A direct assault has taken place to reduce wages. Employers have demanded concessions on wages, benefits and working conditions. Both political parties have collaborated in refusing to raise the minimum wage, the income of tens of million of workers dropped below the poverty line. They have tightening restrictions on unemployment eligibility.

In cities like New Orleans, these policies have merged with a four-century old legacy of racism which has left African Americans as the most oppressed section of US society.

Controlled by big business

BOTH THE Republican and Democratic parties stand exposed for their policies. These parties were set up and are controlled by big business. Despite populist rhetoric, and differences on some issues, their central agenda has been to further the interests of the owners of the large corporations. Their agenda is to maximise their profits, and to reduce any restrictions on their actions.

The rewards have come in a massive increase in their profits. From 1980 to 1995, corporate revenues rose 129.5%, corporate profits rose 127% and executive pay rose 182%. The richest 1% of the population now own more wealth than the bottom 90%. There has been a massive shift in wealth from the working class to the capitalist class.

The class and race issues brought up by this tragedy show the desperate need for a fundamental change in society.

Katrina is a window into our future on the basis of capitalism – “horror without end” for the poor, the oppressed, and the working class.

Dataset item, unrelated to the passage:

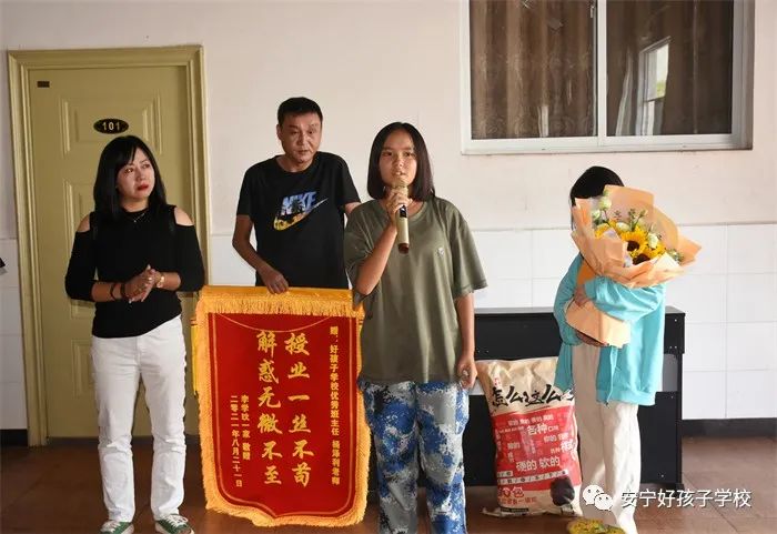 2021年8月17日—8月21日,在我校畢業(yè)生胡瑩、李學(xué)玟同學(xué)的出營儀式上,家長們分別將繡有“感恩遇見,最美老師”、“授業(yè)一絲不茍,解惑無微不至”字樣的錦旗贈給學(xué)校。這兩面沉甸甸的錦旗,承載著家長對學(xué)校和老師樸實而厚重的謝意。

There will be more disasters of this sort, particularly if drastic action is not taken to reverse global warming. There will be more imperialist wars. There will be growing poverty.

That is why it is urgent we fight to put an end to capitalism and create a new, socialist society based on human needs.

The entire disaster clearly shows the need for social planning and the failure and anarchy of free market capitalism. How can disasters be prevented when decisions are being made based on the short-term profit drive of corporate America?

We need a democratically planned economy, where decisions about investment, about what is produced and how things are produced are decided democratically in the interests of the majority, rather than according to the undemocratic short-term profit calculations of a small minority who own the wealth in society.

We demand

  • Full care and compensation for Katrina victims.
  • Initiate a massive public works program to re-build and re-employ the Gulf Coast.
  • Democratic community control of relief. Stop racial and class discrimination. Stop profiteering from tragedy.
  • Pay for rebuilding by ending the war in Iraq and taxing big business.

A PEW Research Center poll found 67% of Americans believed Bush could have done more to speed up relief efforts, and just 28% believed he did all he could. His approval rating slipped to 40% (now down to 38%), down four points since July to the lowest point Pew has recorded.